1. Introduction
In character animation and humanoid robotics, analyzing and rebuilding different interactions between humans and the environment offers the opportunity to create alternative solutions for humanoid activities. In the last two decades, research on physics-based humanoid animation and robotics improved rapidly, resulting in highly realistic and adaptive control achievements [
1]. Despite this promising progress, the diversity and complexity of human behaviors, which includes a great number of behavior patterns and uncertain personal style preferences, have restricted the applications of previously proposed active controllers. The schematic of interaction based on humanoid active intention is shown in
Figure 1. The human body’s central nervous system, sensing system, and musculoskeletal energy system couple together to determine behavior performance. On the one hand, people tend to make a general decision with a typical skeletal composition reacting to a regular stimulus from the environment, which therefore performs a behavior pattern, that is, for example, walking slowly after a meal. Rebuilding this pattern requires a comprehensive analysis of the environment and social habits. On the other hand, human personality styles generate tiny distinctions of this behavior pattern, such as one would like to walk in a sneaky manner while another would like to swagger down the street. These distinctions will cause an unstable disturbance for the pattern-behavior rebuilding. Not only that, but with different characteristic body parameters between humanity and controlled characters, the performance of rebuilding always becomes sensitive to the environment and unpredictable. Although plenty of works have been devoted to solving these problems, such as the SIMBICON [
2] and GENBICON [
3] which create simple walking controllers, the data-driven controllers [
4,
5] which represent modulation methods for the mocap data, the solver-based controllers [
6,
7] which use dynamic solvers to optimize the reference motions, and the style-based controllers [
6,
8] which inherit the styles of the considered movements, they could be better generalized to various scenarios and robust to diverse human behavior changes. Therefore, programming a humanoid character to achieve human-level perception and motion control in environments is still an active while challenging issue for character animation.

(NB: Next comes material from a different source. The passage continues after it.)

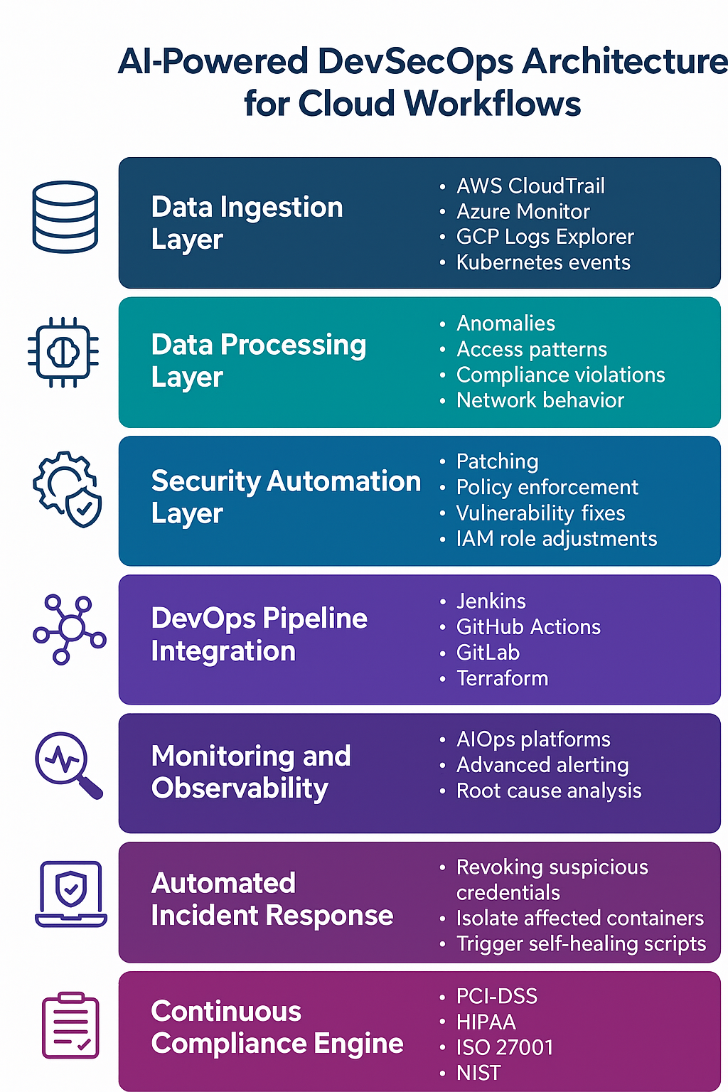 The image illustrates a layered architecture of AI-powered DevSecOps for cloud workflows. It shows how AI is integrated into every stage of DevSecOps to enhance security, automation, and compliance across cloud environments.
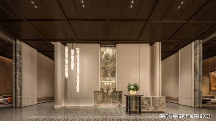 项目首层通过硬朗直线呼应柔和曲线勾勒,辅以温润石材与古铜色金属线条融合,打造东西方美学共融的艺术藏品。

Humanoid characters are complex systems that are hard to match with the sophistication and adaptability of style motion control intelligence. In addition, characters’ dexterous behavior requires high-level analysis that combines visual and proprioceptive perceptions to understand the object’s behaviors being handled. We envision humans can help the controlled characters react to these perceptions and produce whole-body style trajectories subject to these behaviors. In this work, we propose a style-based teleoperation framework to dynamically synchronize the style motion of a human operator and that of an animated character. With the help of the human operator’s perceptions and decisions to deal with different tasks in unknown environments, this framework can rebuild the human’s motion on the animated character while keeping this operator’s personal style. Besides, a human operator generates a motion with the understanding of the required task and perception of the character simulation scene, and the physics-based character then simulates a balanced motion that mimics the style of this human and achieves the task. As can be seen from
Figure 2, reference motion data with the center of mass (COM) of the human body is captured as input for the data processing and motion optimization part, and an optimized motion that mimics the style of the human body is generated. The body balance and synchronization controller then computes a set of body joint torques of the optimized motion to simulate the physics-based character.
The data processing part proposes a composite scheme to smooth the visual captured human motion and COM position, and the motion optimization part optimizes the smoothed motion in consideration of the current character pose with the high-level style features. High-level features for style mimicking are extracted referring to the human-style analysis in this paper. With the high-level features, we deliver a style-expressive performance of the character keeping with the operator’s motion in real-time. The optimization is able to synthesize the balance and style to create a feasible pose under different physic scales between the human operator and simulated character. This algorithm can reduce the unstable pose error owing to the characteristic differences (such as size, preference, etc.) as well as produce stable and stylized motion data. The body balance and synchronization controller generates body joint torques, considering the balance of the character and the optimized style motion. We devise a COM and root virtual control (CR-VC) strategy, adding on the PID joint controller and design a model-based torque compensation for the CR-VC. The compensation torques modulate the joint torques to synchronize the motion, and achieve a balance and simultaneous motion control for the character.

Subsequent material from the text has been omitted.